Could you please repeat the entries below word for word, with the images left out?
--------------------
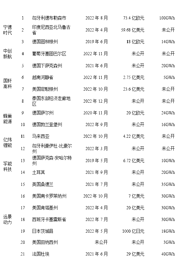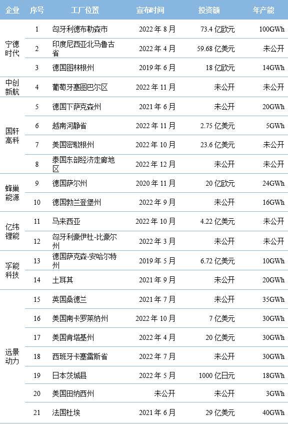 表5 我國主要?jiǎng)恿﹄姵仄髽I(yè)海外布局情況表
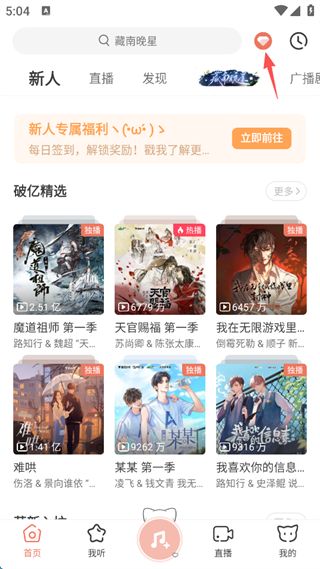 1、打开在本站下载的猫耳FM app,我们可以看都首页有非常多的收听资源,比如直播、广播剧。
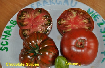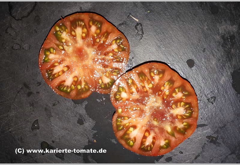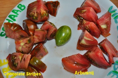 Arbuznyi ist einer meiner Standardsorten. Mehrtriebig gezogen ernte ich ab August kiloweise.
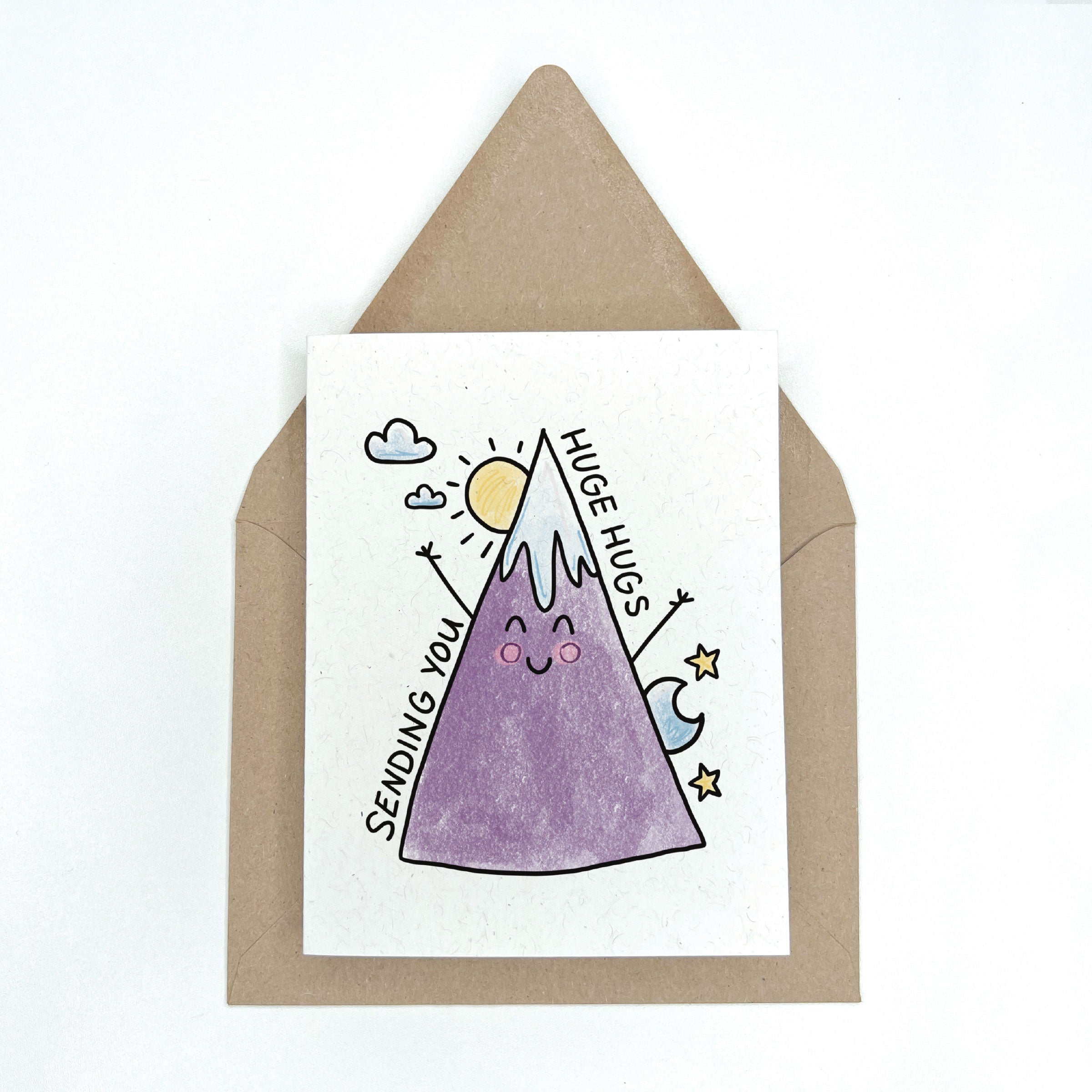 This cute eco friendly sympathy card features a happy mountain with outstretched arms with the handwritten phrase "Sending you huge hugs". Great as a thinking of you card, get well card, or even just a friendship card. Perfect for both children & adults alike. Blank on the inside. Paired with a kraft envelope.
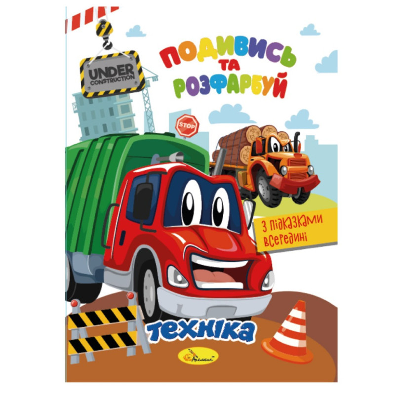 Книжка Розмальовка "Подивись і розфарбуй Техніка" РМ-44-02 з підказками в середині
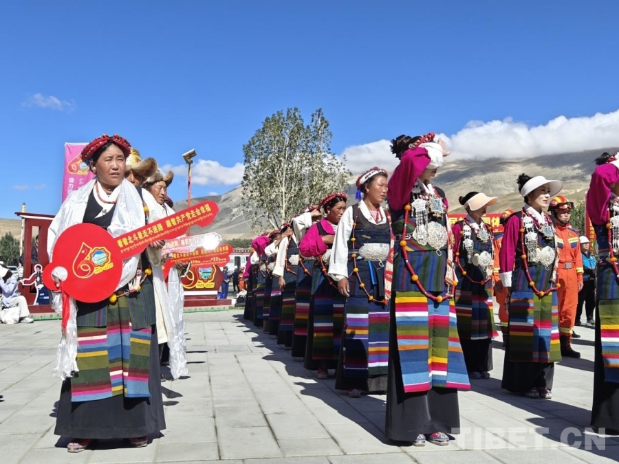 圖為儀式現(xiàn)場,身著定日傳統(tǒng)服飾的村民正在合影留念
--------------------
**Written response:**
 表5 我國主要?jiǎng)恿﹄姵仄髽I(yè)海外布局情況表
 1、打开在本站下载的猫耳FM app,我们可以看都首页有非常多的收听资源,比如直播、广播剧。
 Arbuznyi ist einer meiner Standardsorten. Mehrtriebig gezogen ernte ich ab August kiloweise.
 This cute eco friendly sympathy card features a happy mountain with outstretched arms with the handwritten phrase "Sending you huge hugs". Great as a thinking of you card, get well card, or even just a friendship card. Perfect for both children & adults alike. Blank on the inside. Paired with a kraft envelope.
 Книжка Розмальовка "Подивись і розфарбуй Техніка" РМ-44-02 з підказками в середині
 圖為儀式現(xiàn)場,身著定日傳統(tǒng)服飾的村民正在合影留念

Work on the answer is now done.